6―No tengo plata ni oro —declaró Pedro—, pero lo que tengo te doy. En el nombre de Jesucristo de Nazaret, ¡levántate y anda!

7Y, tomándolo por la mano derecha, lo levantó. Al instante, los pies y los tobillos del hombre cobraron fuerza. 8De un salto se puso en pie y comenzó a caminar. Luego entró con ellos en el templo por sus propios pies, saltando y alabando a Dios. 9Cuando todo el pueblo lo vio caminar y alabar a Dios, 10lo reconocieron como el mismo hombre que solía pedir limosna sentado junto a la puerta llamada Hermosa, y se llenaron de admiración y asombro por lo que le había ocurrido.

Pedro se dirige a los espectadores

11Mientras el hombre seguía aferrado a Pedro y a Juan, toda la gente, que no salía de su asombro, corrió hacia ellos al lugar conocido como Pórtico de Salomón. 12Al ver esto, Pedro les dijo: «Pueblo de Israel, ¿por qué os sorprende lo que ha pasado? ¿Por qué nos miráis como si por nuestro propio poder o virtud hubiéramos hecho caminar a este hombre? 13El Dios de Abraham, de Isaac y de Jacob, el Dios de nuestros antepasados, ha glorificado a su siervo Jesús. Vosotros lo entregasteis y lo rechazasteis ante Pilato, aunque este había decidido soltarlo. 14Rechazasteis al Santo y Justo, y pedisteis que se indultara a un asesino. 15Matasteis al autor de la vida, pero Dios lo levantó de entre los muertos, y de eso nosotros somos testigos. 16Por la fe en el nombre de Jesús, él ha restablecido a este hombre a quien vosotros veis y conocéis. Esta fe que viene por medio de Jesús lo ha sanado por completo, como os consta.

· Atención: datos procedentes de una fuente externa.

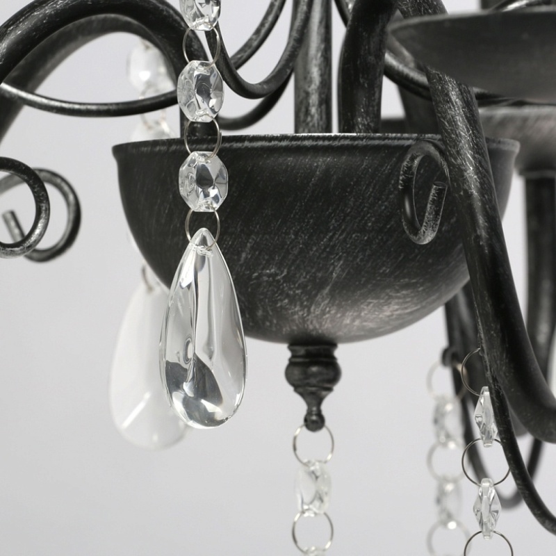 Основание светильника выполнено из металла и обработано по технологии хай-лайт, где основной слой черного цвета, а декоративный слой серебряного цвета. Светильник декорирован прозрачным хрусталем.

17»Ahora bien, hermanos, yo sé que vosotros y vuestros dirigentes actuasteis así por ignorancia. 18Pero de este modo Dios cumplió lo que de antemano había anunciado por medio de todos los profetas: que su Mesías tenía que padecer. 19Por tanto, para que sean borrados vuestros pecados, arrepentíos y volveos a Dios, a fin de que vengan tiempos de descanso de parte del Señor, 20enviándoos el Mesías que ya había sido preparado para vosotros, el cual es Jesús. 21Es necesario que él permanezca en el cielo hasta que llegue el tiempo de la restauración de todas las cosas, como Dios lo ha anunciado desde hace siglos por medio de sus santos profetas. 22Moisés dijo: “El Señor vuestro Dios hará surgir para vosotros, de entre vuestros propios hermanos, a un profeta como yo; prestad atención a todo lo que os diga. 23Porque quien no le haga caso será eliminado del pueblo”.3:23 Lv 23:29; Dt 18:15,18,19

24»En efecto, a partir de Samuel todos los profetas han anunciado estos días. 25Vosotros, pues, sois herederos de los profetas y del pacto que Dios estableció con nuestros antepasados al decirle a Abraham: “Todos los pueblos del mundo serán bendecidos por medio de tu descendencia”.3:25 Gn 22:18; 26:4 26Cuando Dios resucitó a su siervo, lo envió primero a vosotros para daros la bendición de que cada uno se convierta de sus maldades».